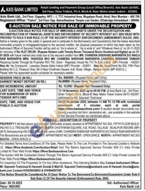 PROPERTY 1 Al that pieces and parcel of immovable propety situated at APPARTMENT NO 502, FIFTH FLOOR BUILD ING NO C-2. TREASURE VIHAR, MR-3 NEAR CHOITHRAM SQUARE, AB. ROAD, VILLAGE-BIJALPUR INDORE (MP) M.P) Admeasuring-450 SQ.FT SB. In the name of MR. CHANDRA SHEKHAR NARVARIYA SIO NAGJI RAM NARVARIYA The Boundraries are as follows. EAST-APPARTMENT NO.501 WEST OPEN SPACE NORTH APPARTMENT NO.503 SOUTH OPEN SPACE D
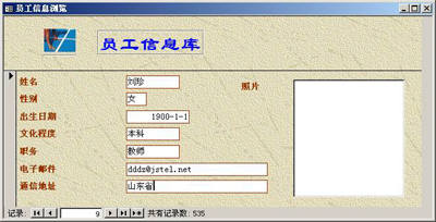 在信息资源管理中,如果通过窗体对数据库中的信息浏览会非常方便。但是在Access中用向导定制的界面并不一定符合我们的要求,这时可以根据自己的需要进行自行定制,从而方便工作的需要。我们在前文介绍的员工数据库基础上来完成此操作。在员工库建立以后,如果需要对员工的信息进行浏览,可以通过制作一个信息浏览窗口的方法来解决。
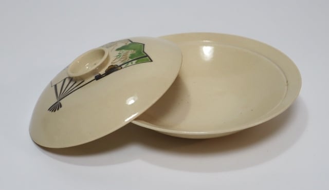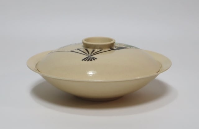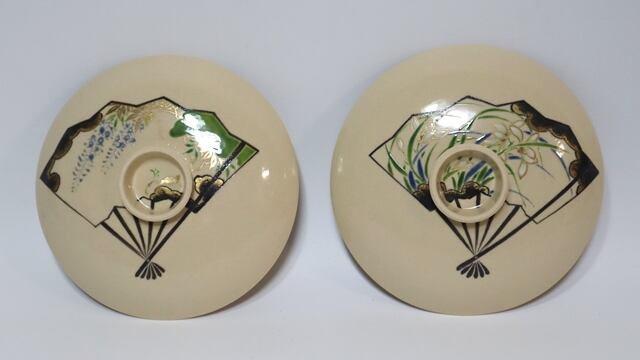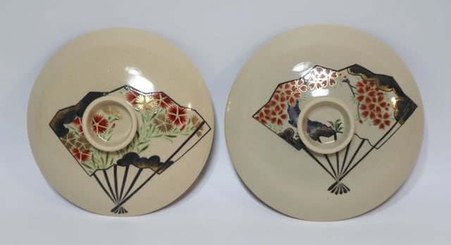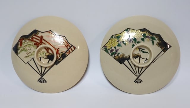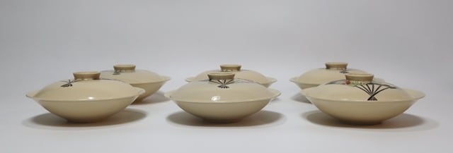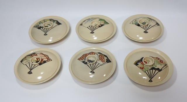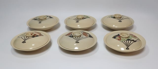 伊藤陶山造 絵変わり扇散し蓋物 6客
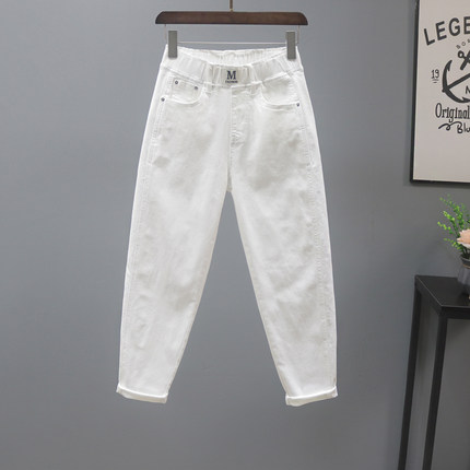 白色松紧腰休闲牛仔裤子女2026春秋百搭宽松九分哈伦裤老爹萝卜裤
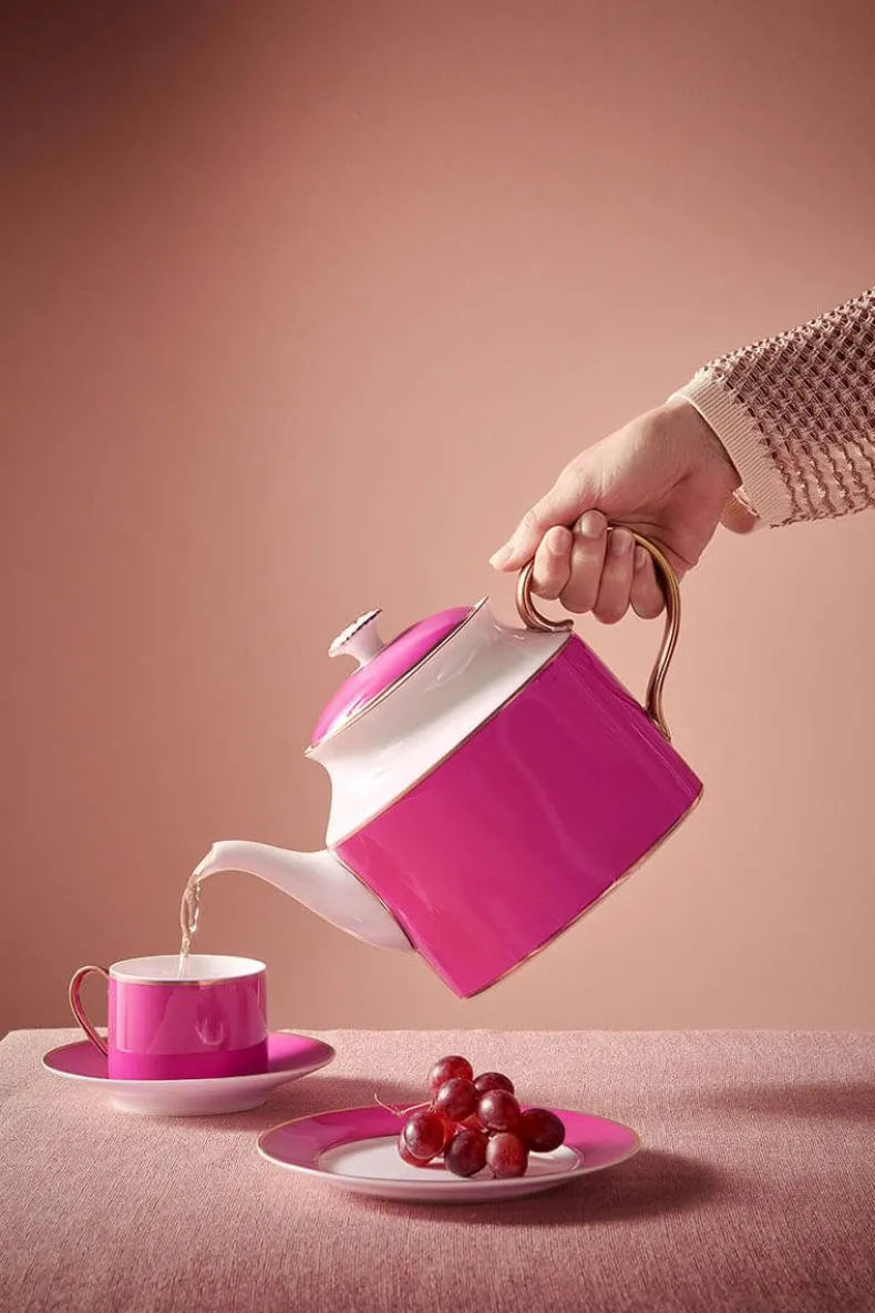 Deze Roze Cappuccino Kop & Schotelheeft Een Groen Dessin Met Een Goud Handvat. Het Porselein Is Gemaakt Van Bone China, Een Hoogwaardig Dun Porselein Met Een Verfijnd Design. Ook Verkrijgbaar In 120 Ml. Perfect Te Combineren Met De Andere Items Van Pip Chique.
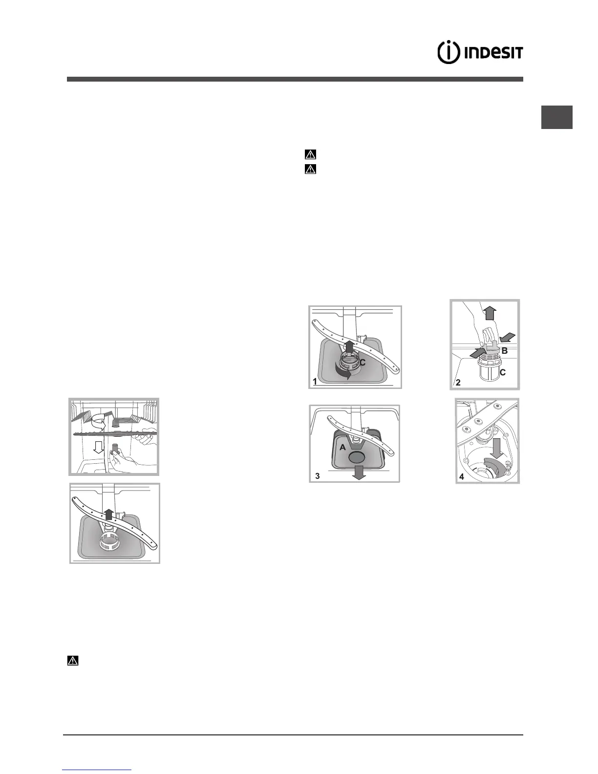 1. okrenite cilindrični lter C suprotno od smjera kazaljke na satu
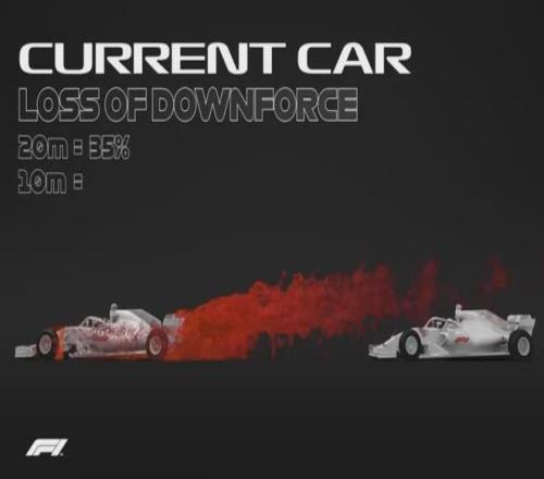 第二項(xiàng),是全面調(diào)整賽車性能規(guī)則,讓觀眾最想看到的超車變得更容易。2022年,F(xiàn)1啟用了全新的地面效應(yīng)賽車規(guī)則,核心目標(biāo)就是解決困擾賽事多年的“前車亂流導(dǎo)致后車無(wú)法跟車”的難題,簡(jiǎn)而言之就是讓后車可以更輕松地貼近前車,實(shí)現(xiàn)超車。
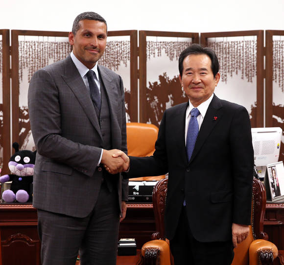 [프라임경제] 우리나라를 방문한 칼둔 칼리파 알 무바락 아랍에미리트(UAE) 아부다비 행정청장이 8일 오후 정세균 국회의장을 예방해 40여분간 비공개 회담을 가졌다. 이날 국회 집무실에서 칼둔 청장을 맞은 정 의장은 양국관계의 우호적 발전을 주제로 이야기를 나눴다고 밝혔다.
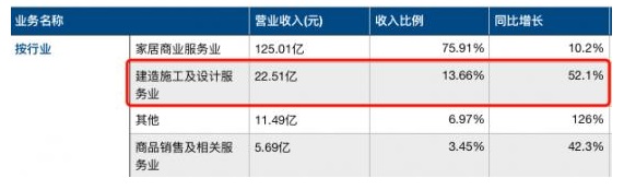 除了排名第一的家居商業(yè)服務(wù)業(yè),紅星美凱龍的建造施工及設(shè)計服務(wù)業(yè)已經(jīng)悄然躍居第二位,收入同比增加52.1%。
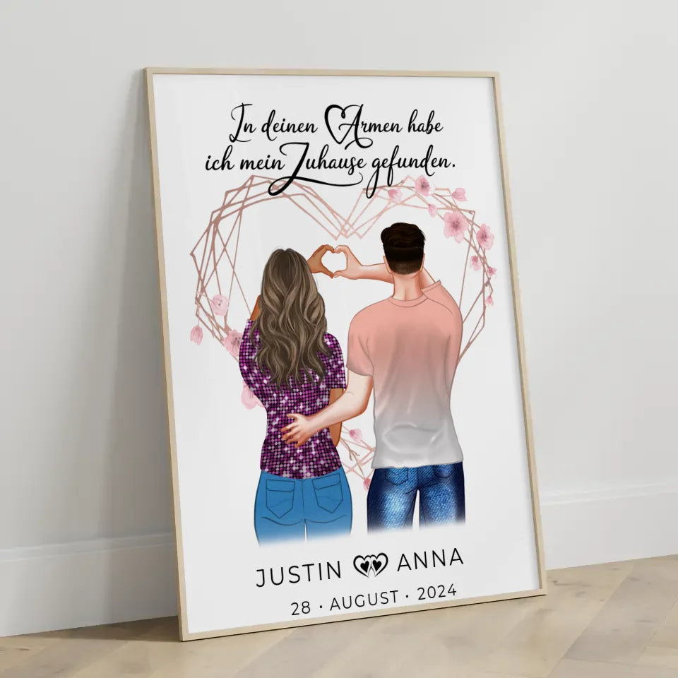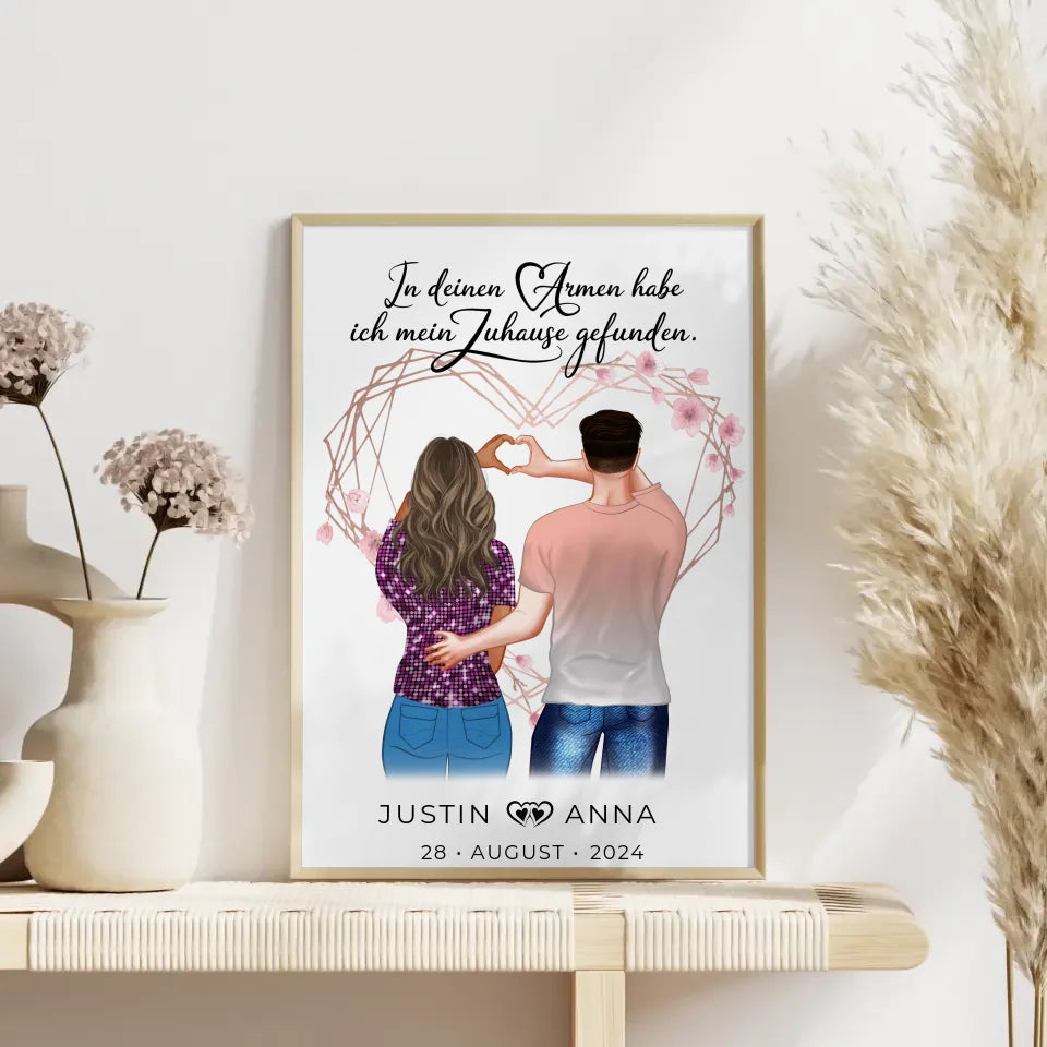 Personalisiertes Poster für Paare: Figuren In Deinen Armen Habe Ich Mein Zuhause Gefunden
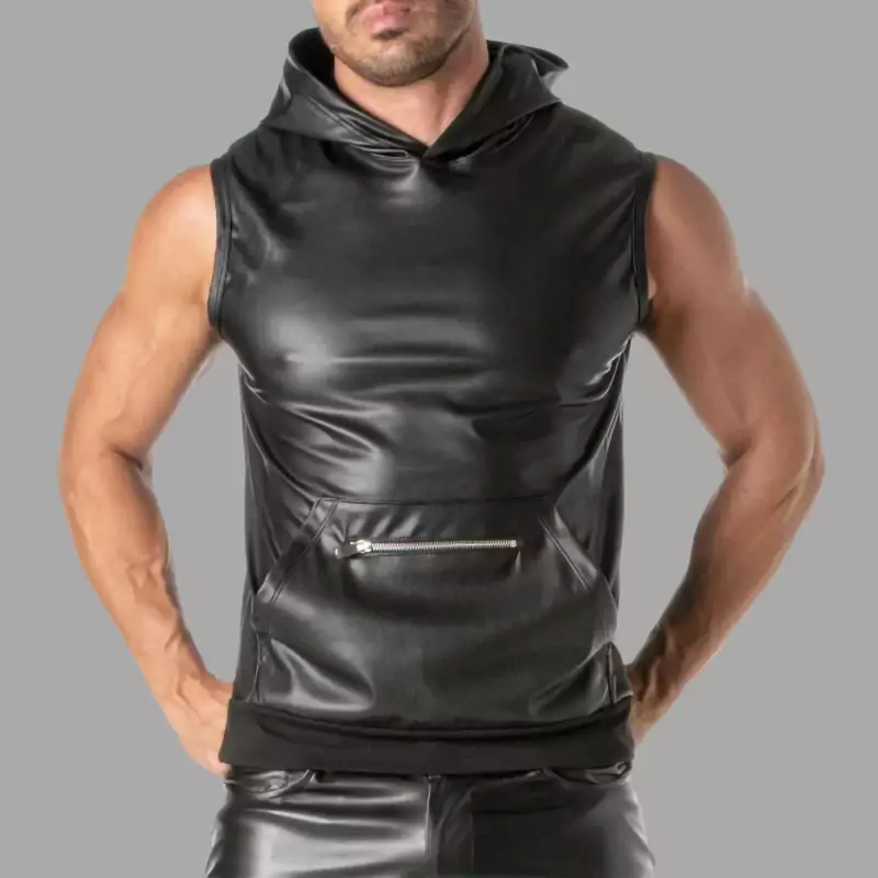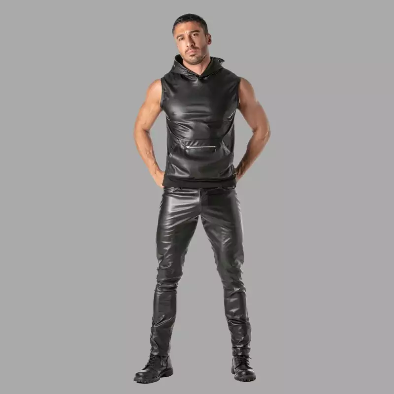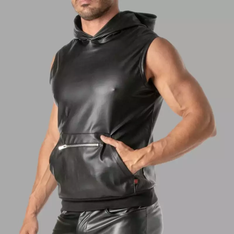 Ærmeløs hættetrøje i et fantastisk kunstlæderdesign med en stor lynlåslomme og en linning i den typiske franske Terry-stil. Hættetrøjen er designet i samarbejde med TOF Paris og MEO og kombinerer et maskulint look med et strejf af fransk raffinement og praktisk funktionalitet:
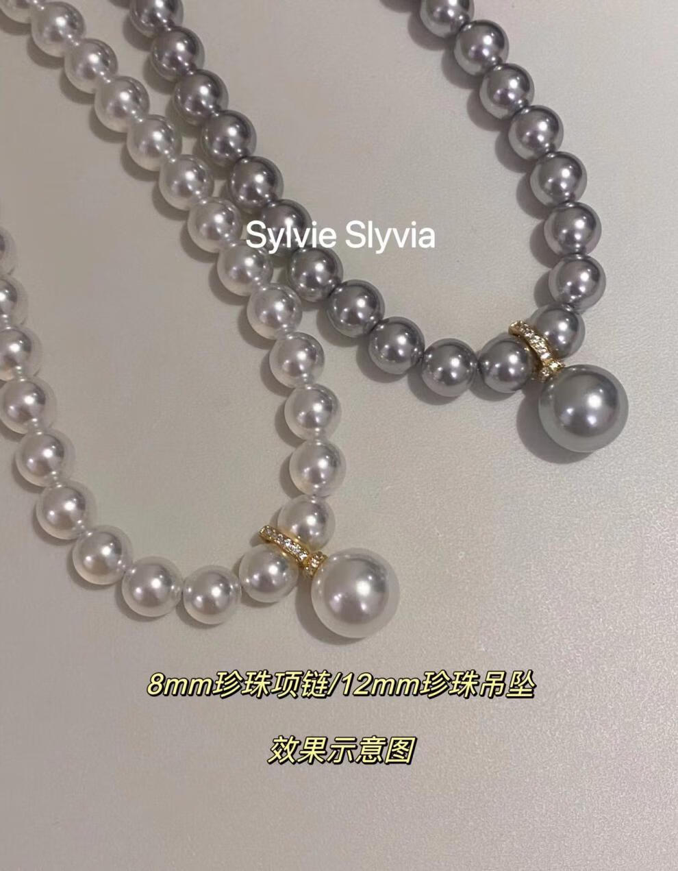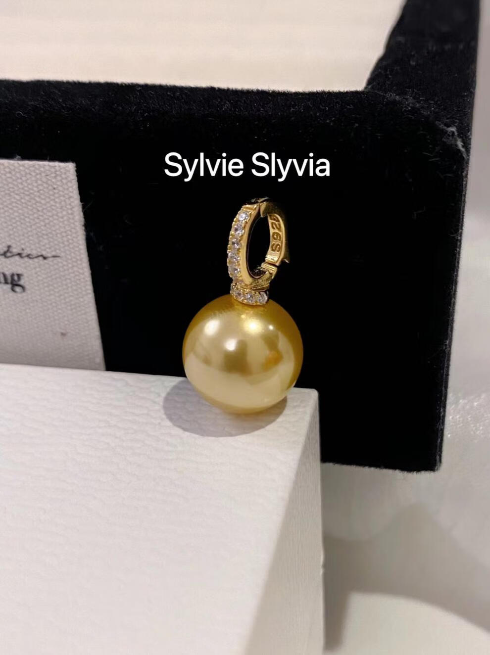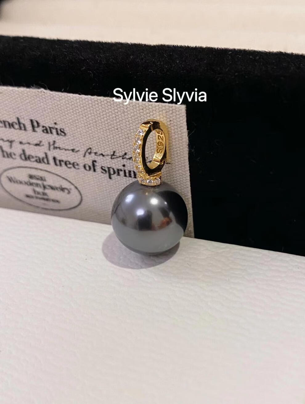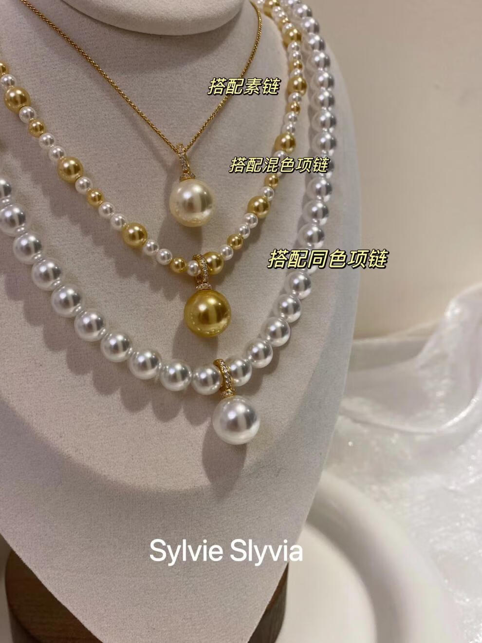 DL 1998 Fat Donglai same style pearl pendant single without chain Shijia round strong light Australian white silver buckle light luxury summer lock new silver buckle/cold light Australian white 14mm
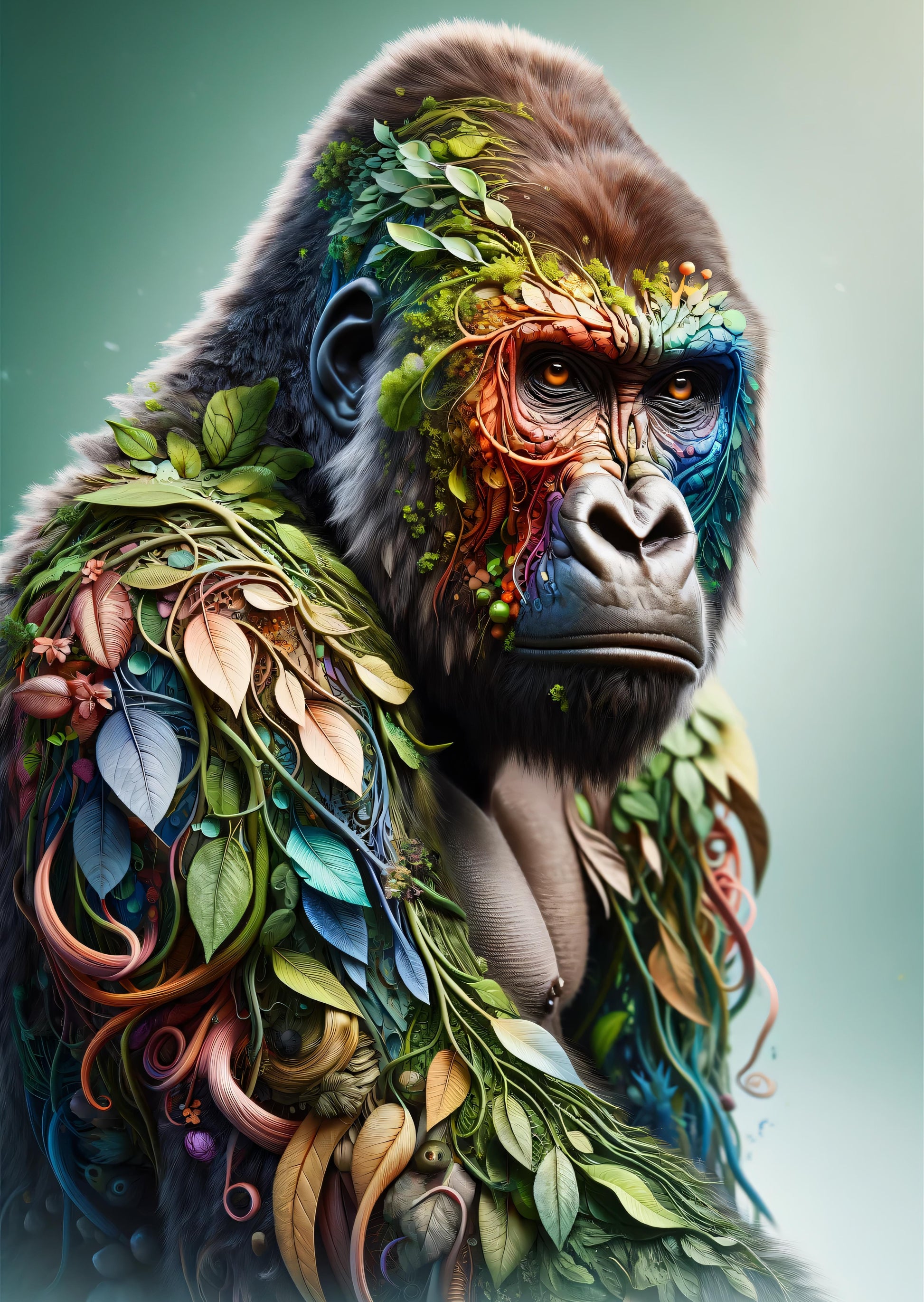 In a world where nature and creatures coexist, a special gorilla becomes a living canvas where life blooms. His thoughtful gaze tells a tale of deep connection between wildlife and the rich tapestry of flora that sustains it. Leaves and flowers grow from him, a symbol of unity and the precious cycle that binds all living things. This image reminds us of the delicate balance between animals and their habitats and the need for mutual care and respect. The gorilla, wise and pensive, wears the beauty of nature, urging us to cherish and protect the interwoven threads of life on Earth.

Exercise aim:
The whole listing above is to be repeated exactly, apart from its pictures.

Solution to this task:
 PROPERTY 1 Al that pieces and parcel of immovable propety situated at APPARTMENT NO 502, FIFTH FLOOR BUILD ING NO C-2. TREASURE VIHAR, MR-3 NEAR CHOITHRAM SQUARE, AB. ROAD, VILLAGE-BIJALPUR INDORE (MP) M.P) Admeasuring-450 SQ.FT SB. In the name of MR. CHANDRA SHEKHAR NARVARIYA SIO NAGJI RAM NARVARIYA The Boundraries are as follows. EAST-APPARTMENT NO.501 WEST OPEN SPACE NORTH APPARTMENT NO.503 SOUTH OPEN SPACE D
 在信息资源管理中,如果通过窗体对数据库中的信息浏览会非常方便。但是在Access中用向导定制的界面并不一定符合我们的要求,这时可以根据自己的需要进行自行定制,从而方便工作的需要。我们在前文介绍的员工数据库基础上来完成此操作。在员工库建立以后,如果需要对员工的信息进行浏览,可以通过制作一个信息浏览窗口的方法来解决。
 伊藤陶山造 絵変わり扇散し蓋物 6客
 白色松紧腰休闲牛仔裤子女2026春秋百搭宽松九分哈伦裤老爹萝卜裤
 Deze Roze Cappuccino Kop & Schotelheeft Een Groen Dessin Met Een Goud Handvat. Het Porselein Is Gemaakt Van Bone China, Een Hoogwaardig Dun Porselein Met Een Verfijnd Design. Ook Verkrijgbaar In 120 Ml. Perfect Te Combineren Met De Andere Items Van Pip Chique.
 1. okrenite cilindrični lter C suprotno od smjera kazaljke na satu
 第二項(xiàng),是全面調(diào)整賽車性能規(guī)則,讓觀眾最想看到的超車變得更容易。2022年,F(xiàn)1啟用了全新的地面效應(yīng)賽車規(guī)則,核心目標(biāo)就是解決困擾賽事多年的“前車亂流導(dǎo)致后車無(wú)法跟車”的難題,簡(jiǎn)而言之就是讓后車可以更輕松地貼近前車,實(shí)現(xiàn)超車。
 [프라임경제] 우리나라를 방문한 칼둔 칼리파 알 무바락 아랍에미리트(UAE) 아부다비 행정청장이 8일 오후 정세균 국회의장을 예방해 40여분간 비공개 회담을 가졌다. 이날 국회 집무실에서 칼둔 청장을 맞은 정 의장은 양국관계의 우호적 발전을 주제로 이야기를 나눴다고 밝혔다.
 除了排名第一的家居商業(yè)服務(wù)業(yè),紅星美凱龍的建造施工及設(shè)計服務(wù)業(yè)已經(jīng)悄然躍居第二位,收入同比增加52.1%。
 Personalisiertes Poster für Paare: Figuren In Deinen Armen Habe Ich Mein Zuhause Gefunden
 Ærmeløs hættetrøje i et fantastisk kunstlæderdesign med en stor lynlåslomme og en linning i den typiske franske Terry-stil. Hættetrøjen er designet i samarbejde med TOF Paris og MEO og kombinerer et maskulint look med et strejf af fransk raffinement og praktisk funktionalitet:
 DL 1998 Fat Donglai same style pearl pendant single without chain Shijia round strong light Australian white silver buckle light luxury summer lock new silver buckle/cold light Australian white 14mm
 In a world where nature and creatures coexist, a special gorilla becomes a living canvas where life blooms. His thoughtful gaze tells a tale of deep connection between wildlife and the rich tapestry of flora that sustains it. Leaves and flowers grow from him, a symbol of unity and the precious cycle that binds all living things. This image reminds us of the delicate balance between animals and their habitats and the need for mutual care and respect. The gorilla, wise and pensive, wears the beauty of nature, urging us to cherish and protect the interwoven threads of life on Earth.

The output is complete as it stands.